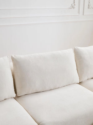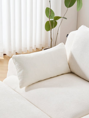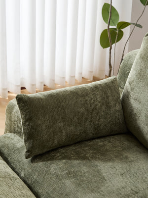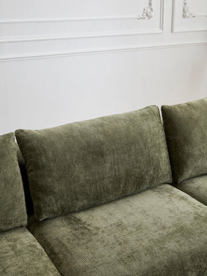 Les coussins structurés assurent un soutien fiable, tandis que les accoudoirs et angles arrondis offrent une silhouette douce et accueillante.
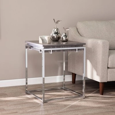 Double down on two-tone style with the Aiden Lane Lallstin Square End Table. A sleek, boxy frame crafts a simple, updated look, while the spacious square tabletop appears to float above. Stack magazines and a modern table lamp on top, or slide alongside you sofa to hold your morning cup of coffee and your latest read. With this contemporary end table as a convenient catch-all or chic plant stand, your living space gets a fresh update.
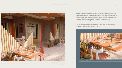 Filipino casual dining restaurant. Emphasizing on natural
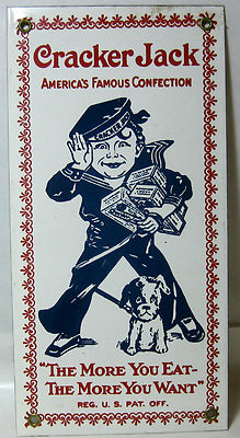 Title (ebay affiliate link): Vintage Advertising Two Sided Porcelain Enamel Sign Cracker Jack Sign

PROBLEM STATEMENT: Exact repetition is required for the lines from the first one in the listing through the one that holds "Filipino casual dining", and pictures are to be omitted.

TASK RESPONSE:
 Les coussins structurés assurent un soutien fiable, tandis que les accoudoirs et angles arrondis offrent une silhouette douce et accueillante.
 Double down on two-tone style with the Aiden Lane Lallstin Square End Table. A sleek, boxy frame crafts a simple, updated look, while the spacious square tabletop appears to float above. Stack magazines and a modern table lamp on top, or slide alongside you sofa to hold your morning cup of coffee and your latest read. With this contemporary end table as a convenient catch-all or chic plant stand, your living space gets a fresh update.
 Filipino casual dining restaurant. Emphasizing on natural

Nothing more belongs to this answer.